Each clade can be divided into three category of phylogeny:

Ancestral ortholog resolution (AORe)
Lineage specific ortholog resolution (LORe)
Neither (cryptic)

n = tbl22 %>% select(subOG,ORe) %>% distinct() %>% with(table(ORe))
plot.phylo(x.lim = 5,read.tree(text = "((Omy,Ssa),(Omy,Ssa));"),type = "c",
     main=paste("AORe n =", n["AORe"]))

plot(read.tree(text = "((Omy,Omy),(Ssa,Ssa));"),type = "c",
     main=paste("LORe n =", n["LORe"]))

plot(read.tree(text = "(((?,?),?),?);"),type = "c",
     main=paste("cryptic n =", n["cryptic"]))

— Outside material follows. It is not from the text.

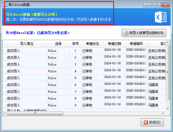 通過復制Excel記錄,點擊粘貼按鈕進行導入操作,設置數據項和Excel數據項對應,然后導入數據。導入后會顯示導入情況,如下圖所示:

Syntenic chromosome quartets

Identify the most common chromosome quartets regardless of phylogeny (n>20). Assign the most common AORe phylogeny.

set.seed(45)
# Identify the most common chromosome quartets regardless of phylogeny (n>20) and assign a color to each
chrQuartColor <-
  tbl22 %>%
  group_by(subOG) %>% 
  filter( !any(grepl("[^0-9Y]",seqname))) %>%
  filter( !any(duplicated(chr)) ) %>% 
  ungroup() %>% 
  select(subOG,chrSorted) %>% distinct() %>% 
  count(chrSorted) %>%
  filter(n>20) %>%
  arrange(-n) %>% 
  mutate( i = 1:n()) %>% 
  select(-n) %>% 
  mutate( color = randomcoloR::distinctColorPalette(n())) %>% 
  # Assign the most common AORe phylogeny.
  inner_join(filter(tbl22, ORe == "AORe") %>% select(chrSorted, chrPhylo), by = "chrSorted") %>% 
  group_by(chrSorted) %>% 
  add_count(chrPhylo) %>% 
  mutate( chrQuartet = chrPhylo[which.max(n)]) %>% 
  ungroup() %>% 
  select(-n,-chrPhylo) %>% distinct()
    
    
    

# Assign the most common AORe phylogeny
tbl22 %>%
  left_join( chrQuartColor, by = "chrSorted") %>% 
  # reclassify "flipped" AORe to cryptic
  mutate( ORe = ifelse( is.na(chrQuartet),ORe, ifelse((ORe == "AORe") & (chrPhylo != chrQuartet), "cryptic", ORe))) %>% 
  mutate( color = ifelse(is.na(color),"grey",color)) %>% 
  mutate( i = ifelse(is.na(i),0,i)) %>% 
  mutate( chrQuartet = ifelse(is.na(chrQuartet),"Other",chrQuartet)) %>% 
  select(subOG,chrQuartet,color,i,ORe) %>% distinct() %>% 
  arrange(i) %>% 
  mutate(chrQuartet = forcats::fct_inorder(chrQuartet)) %>% 
  ggplot(aes(y=chrQuartet,fill=color,color=ORe)) + 
  geom_bar(aes(y=chrQuartet,fill=color,linetype=ORe),color="black",width=0.7,linewidth=0.5) + 
  scale_fill_identity() +
  scale_linetype_manual(values = c(cryptic="dashed",LORe="solid",AORe=NA),) +
  theme_classic() + theme(axis.line.y = element_blank())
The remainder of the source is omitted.